Given my unpredictable mood of late, I was literally given a “time out” by my boss. I was given a day off. Another red flag, but one that motivated me to sit down for blood work at One Medical. It was time to do something. Anything. It was months overdue. I was told by the phlebotomist that I’d get my results in about a week or so.
I received this email 24 hours later.
I’d just visited my shrink when I received Dina’s note. After the first two reads, all I could see was the words “Blindness,” “Kidney Failure,” “Heart Attacks” and “Strokes.” I felt nothing as I sat in my car in that parking lot off Wilshire Blvd. I turned the ignition, put the car in reverse, drove off the lot… and went straight to 7-11 to buy a Super Big Gulp filled with Fuze Raspberry Iced Tea for the trip home.
A new shade of anger has set in. Anger that I am in this square. Again. I am angry at myself. Again. I am sick. Sick, tired, and scared. It sounds like an ambulance chasing law firm. The office of Sick, Tired and, Scared. I can only imagine their rates.
Alan asked me earlier last week if I was looking at death as a means of avoiding dealing with a few situations in my personal life. Of course, I said, “No.” But as I write this diary entry now, I realize, some truth exists to the question he posed. Yes, I would rather be dead than have to deal with what is happening in my life at the moment. I don’t know this person I’ve become. I know the behaviors very well, but not the individual. When did fear and anxiety become my defining characteristics? How did I let myself become so afraid that I’ve immobilized myself?
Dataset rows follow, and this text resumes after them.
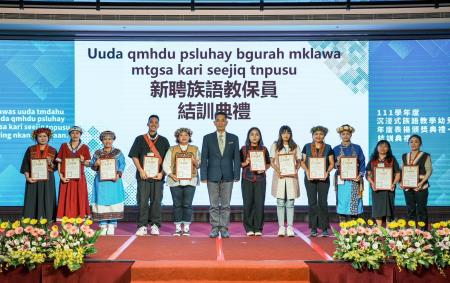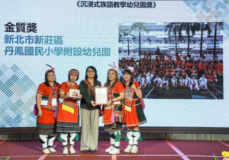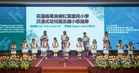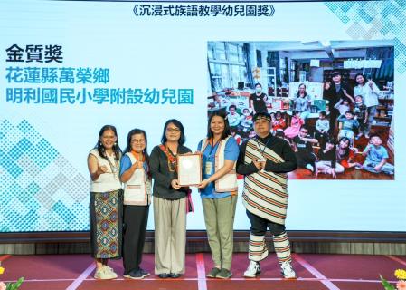 原民會21日於花蓮美侖大飯店辦理「111學年度沉浸式族語教學幼兒園計畫-年度表揚頒獎典禮、成果發表會、新聘族語教保員結訓典禮」,由王美蘋Akiku·Haisum主任秘書頒發8個獎項,表彰幼兒園所傳承族語的努力,同時向全國各園所介紹今年新進11名族語教保員,期待生力軍的加入讓族語在更多幼兒園所扎根,現場有170人參加。
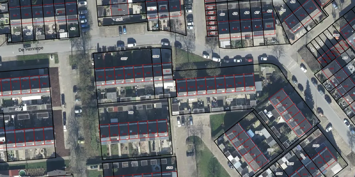 De Hennepe 316 is gelegen op kadastraal perceel TIE00L2560. Deze kadastrale aanduiding is uniek en wordt gebruikt door het Kadaster om eigendomsrechten en andere zakelijke rechten vast te leggen. Het perceel maakt onderdeel uit van de kadastrale gemeente Tiel.
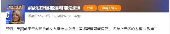 话说最近随着爱泼斯坦档案的释出,又有新的说法不断被抛出并登上热搜,其中最令人惊讶的,无疑是这一条:
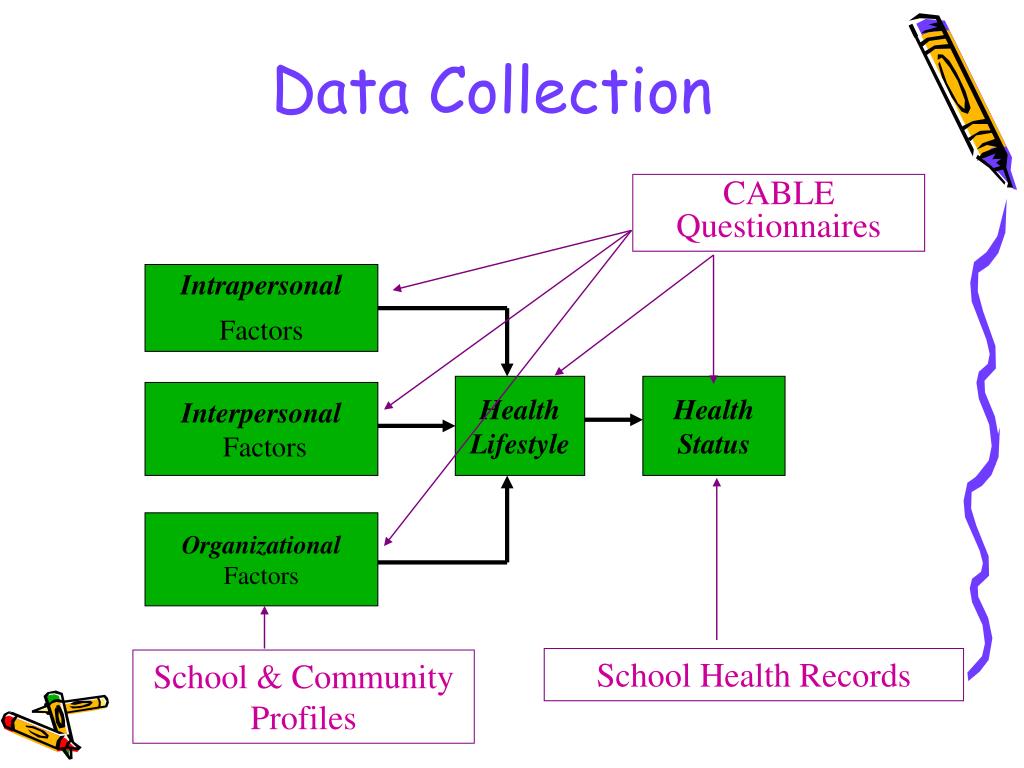 Intrapersonal Factors HealthLifestyle Health Status Interpersonal Factors Organizational Factors Data Collection CABLE Questionnaires School Health Records School & Community Profiles

When I began my career in the film industry, if doors were closed in front of me, I’d either knock them down or find another way in. I don’t do that anymore. This is beyond complacency. What I feel is a form of terror. I’d prefer leading myself to a stroke, heart attack or worse than to deal with a crisis point. That is suicide.
Friends of mine have lost loved ones this year to health issues that we are able to control. It isn’t just a question of age. We know eating better, taking a bit of exercise, and thinking healthy are the sure-fire ways to live a healthier life. Genetics only account for a portion of the reason for illnesses like diabetes and heart disease. We can get BETTER. But it takes focus and control, two things that people like me, who live with an addiction to poor food choices and insolence, struggle to engage.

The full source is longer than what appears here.